題目背景

John的農場缺水了！！！

題目描述

Farmer John has decided to bring water to his N (1 <= N <= 300) pastures which are conveniently numbered 1..N. He may bring water to a pasture either by building a well in that pasture or connecting the pasture via a pipe to another pasture which already has water.

Digging a well in pasture i costs W_i (1 <= W_i <= 100,000).

Connecting pastures i and j with a pipe costs P_ij (1 <= P_ij <= 100,000; P_ij = P_ji; P_ii=0).

Determine the minimum amount Farmer John will have to pay to water all of his pastures.

POINTS: 400

農民John 決定將水引入到他的n(1<=n<=300)個牧場。他準備通過挖若

乾井，並在各塊田中修築水道來連通各塊田地以供水。在第i 號田中挖一口井需要花費W_i(1<=W_i<=100,000)元。連線i 號田與j 號田需要P_ij (1 <= P_ij <= 100,000 , P_ji=P_ij)元。
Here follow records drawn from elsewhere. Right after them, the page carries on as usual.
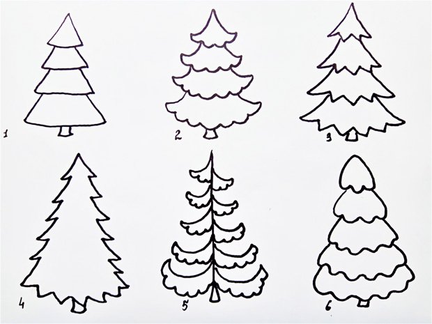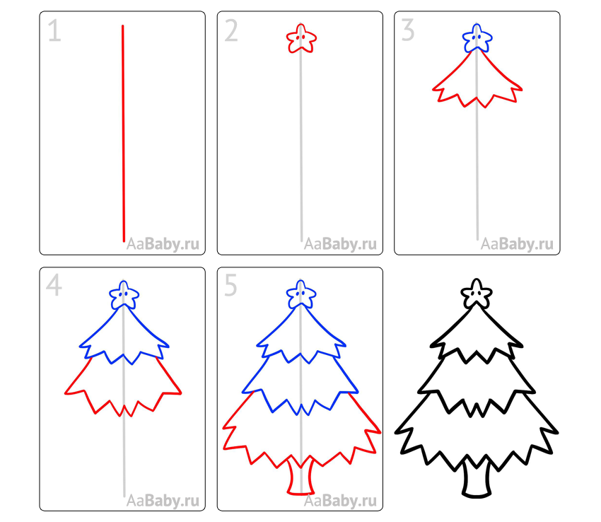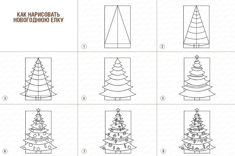 Схема поэтапного рисования ёлки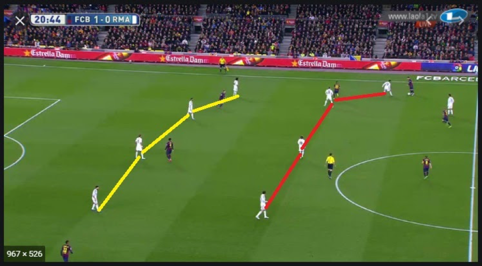 На картинке видно, что мяч у Месси на правом фланге. Две цепи Реала неразрывно сместились в направлении мяча, и везде игроки Реала страхуют друг друга. Если команда грамотно использует схему 4-4-2, её оборону очень трудно взломать.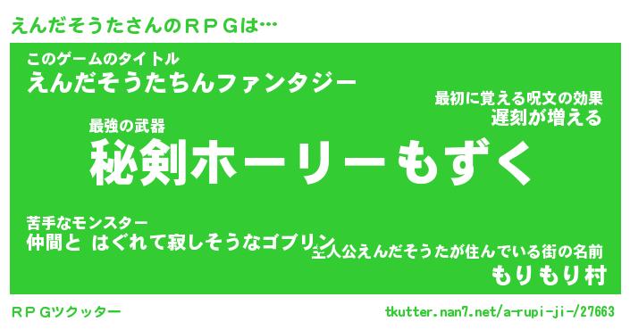 | 男性向けラノベタイトル風あだ名 | 『えんだそうたの憂鬱』 |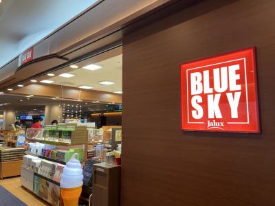 羽田空港 JAL側の11番ゲートのところにある、ブルースカイさんです。羽田空港ターミナルビルにはものすごくたくさんのお土産物屋さんが有りますが、こちらのショップは、搭乗する最後の最後まで、買い忘れなどある場合助かります。

請求出農民John 需要為使所有農場都與有水的農場相連或擁有水井所需要的錢數。

輸入輸出格式

輸入格式：

第1 行為一個整數n。

第2 到n+1 行每行一個整數，從上到下分別為W_1 到W_n。

第n+2 到2n+1 行為一個矩陣，表示需要的經費（P_ij）。

輸出格式：

只有一行，為一個整數，表示所需要的錢數。

輸入輸出樣例

輸入樣例#1： 

4
5
4
4
3
0 2 2 2
2 0 3 3
2 3 0 4
2 3 4 0

輸出樣例#1： 

9

#include <iostream>
#include <cstdio>
#include <algorithm>
using namespace std;
int n,m;
long long ans;
struct node{
	int x;
	int y;
	int z;
}a[100005];
int s[100055];
int fa[100005];
int cnt=0;
bool cmp(const node &x,const node &y)
{
	return x.z<y.z;
}
int find(int x)
{
	if(fa[x]==x)
	{
		return x;
	}
	return fa[x]=find(fa[x]);
}
void kkk()
{
	int f1;
	int f2;
	int k=0;
	for(int i=1;i<=n;i++)
	fa[i]=i;
	for(int i=1;i<=cnt;i++)
	{
		f1=find(a[i].x);
		f2=find(a[i].y);
		if(f1!=f2)
		{
			ans=ans+a[i].z;
			fa[f1]=f2;
			k++;
			if(k==n-1)
			break;
		}
	}
} 
int main(){
	cin>>n;
	for(int i=1;i<=n;i++)
	{
		scanf("%d",&s[i]);
	}
	for(int i=1;i<=n;i++)
	{
		for(int j=1;j<=n;j++)
		{
			scanf("%d",&a[++cnt].z);
			a[cnt].x=i;
			a[cnt].y=j;
		}
		a[++cnt].x=i;
		a[cnt].y=n+1;
		a[cnt].z=s[i];
	}
	n++;
	sort(a+1,a+1+cnt,cmp);
	kkk();
	cout<<ans<<endl;
}